NFL

Jets’ defender on ‘Pace’ for most productive sacks tally

When the Jets signed Calvin Pace in 2008, the thought was he would become the pass rusher the team had been missing since trading John Abraham.

Pace had a total of 15 sacks in his first two seasons, but then his production dropped and the criticism began to mount. Things bottomed out in 2012 when he had just three sacks. But Pace, 33, has regained his old form this season. He has eight sacks, tying his career high reached in 2009 and has a shot at his first double-digit sack season.

“It would be great,” Pace said of getting 10 sacks. “It’s something that I had a goal of in the beginning of the season.

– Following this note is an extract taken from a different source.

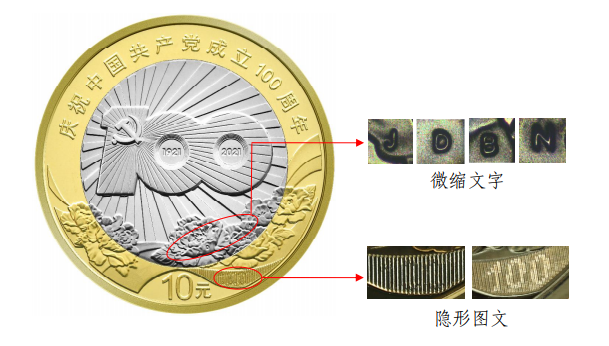 將硬幣傾斜適當角度,可在背面下方飄帶上,觀察到隱形圖文“100”。在硬幣背面的花瓣上,可觀察到微縮文字“J”“D”“B”“N”。

I’m not going to say it’s the ultimate goal. I’d love to keep playing, but it would be nice to show some of the people that the old man’s got a little something left.”

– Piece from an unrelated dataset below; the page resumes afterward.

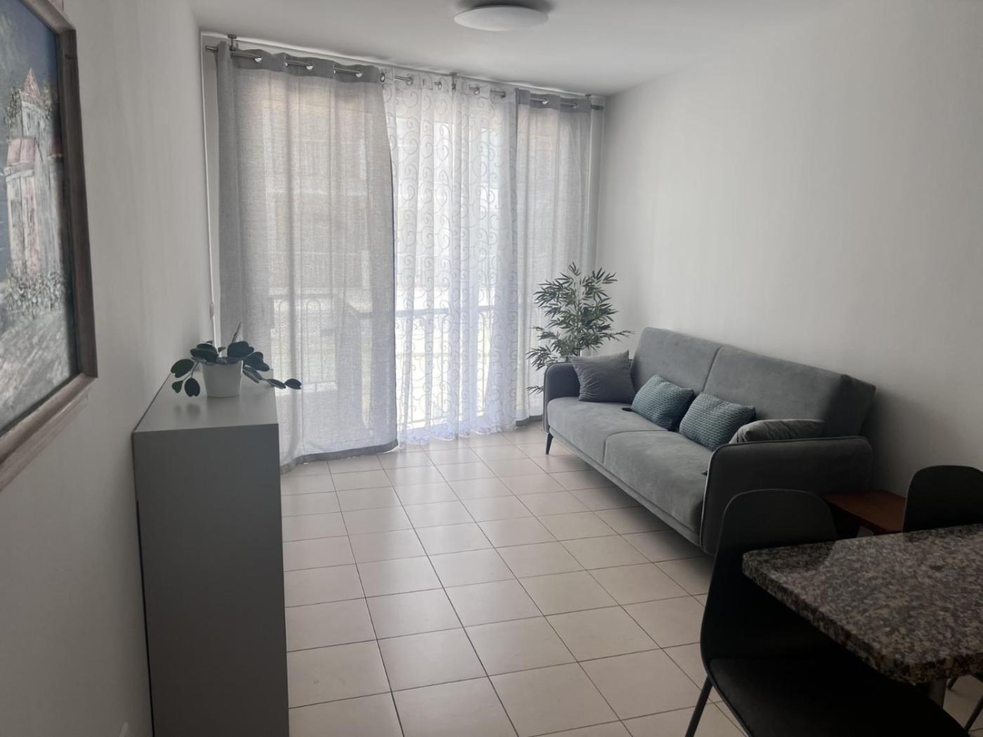 The apartment with a balcony and pool views features 1 bedroom, a living room, a flat-screen TV, an equipped kitchen with an oven and a microwave, and 1 bathroom with a shower. Towels and bed linen are provided in the apartment.

The Jets cut Pace in the offseason as a salary-cap casualty, but then brought him back for a cheaper price two months later. The move has paid off as Pace has been the team’s second-best pass rusher behind Muhammad Wilkerson. Pace saw what life away from the NFL was like and returned to the Jets a bit more motivated than he was last year.

“If you play this game long enough, you’ll get cut at some point in time,” Pace said. “That played into it and the fact that I’m man enough to realize that last year was not my best work. I had some deficiencies in my game, which I needed to strengthen and do better, which is pass rushing. That’s the type of league it is now — it’s pass, pass, pass. You have to have guys that can put pressure on the quarterback. … It’s a situation where I had to go get better [at rushing the quarterback]. I’m not great at it, but I feel more comfortable. It took me 10 years to finally realize it.”

Pace said he also has benefited from the play of Wilkerson and rookie Sheldon Richardson.

“I’m not going to say it’s easy, but they have to focus in on somebody and more times than not it’s not me,” Pace said. “I’m left with some one-on-ones so it’s about capitalizing and making plays.”

After the way he has played this season, Pace would like to keep it going for two or three more years in the “right situation,” he said. For him, that would be staying a Jet.

“In a perfect world,” Pace said, “I’d like to retire a Jet.”